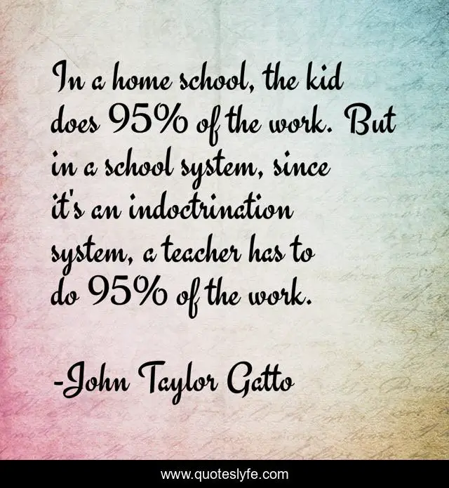 This page presents the quote "In a home school, the kid does 95% of the work. But in a school system, since it's an indoctrination system, a teacher has to do 95% of the work.". Author of this quote is John Taylor Gatto. This quote is about home, school, work,.
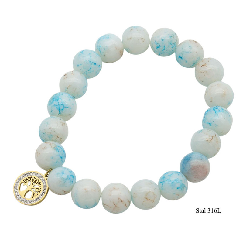 Stylowa bransoletka wykonana z naturalnych kamieni w odcieniach błękitu i bieli z delikatnymi żyłkami. Subtelna kolorystyka nadaje biżuterii lekkości i elegancji, dzięki czemu doskonale pasuje zarówno do codziennych, jak i bardziej eleganckich stylizacji.
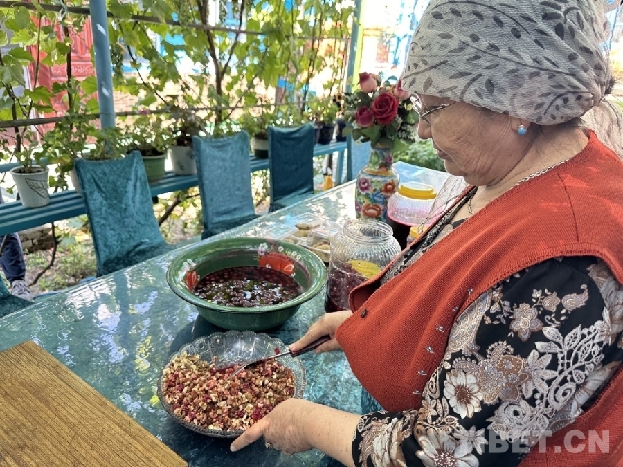 圖為63歲的哈妮克孜正在制作樹莓核桃的包子餡兒 攝影:楊眉笑

━━━━━━━━━━━━━━━━━━━━

What to do.
The expected result is the material restated word for word, minus any picture.

Written answer.
 This page presents the quote "In a home school, the kid does 95% of the work. But in a school system, since it's an indoctrination system, a teacher has to do 95% of the work.". Author of this quote is John Taylor Gatto. This quote is about home, school, work,.
 Stylowa bransoletka wykonana z naturalnych kamieni w odcieniach błękitu i bieli z delikatnymi żyłkami. Subtelna kolorystyka nadaje biżuterii lekkości i elegancji, dzięki czemu doskonale pasuje zarówno do codziennych, jak i bardziej eleganckich stylizacji.
 圖為63歲的哈妮克孜正在制作樹莓核桃的包子餡兒 攝影:楊眉笑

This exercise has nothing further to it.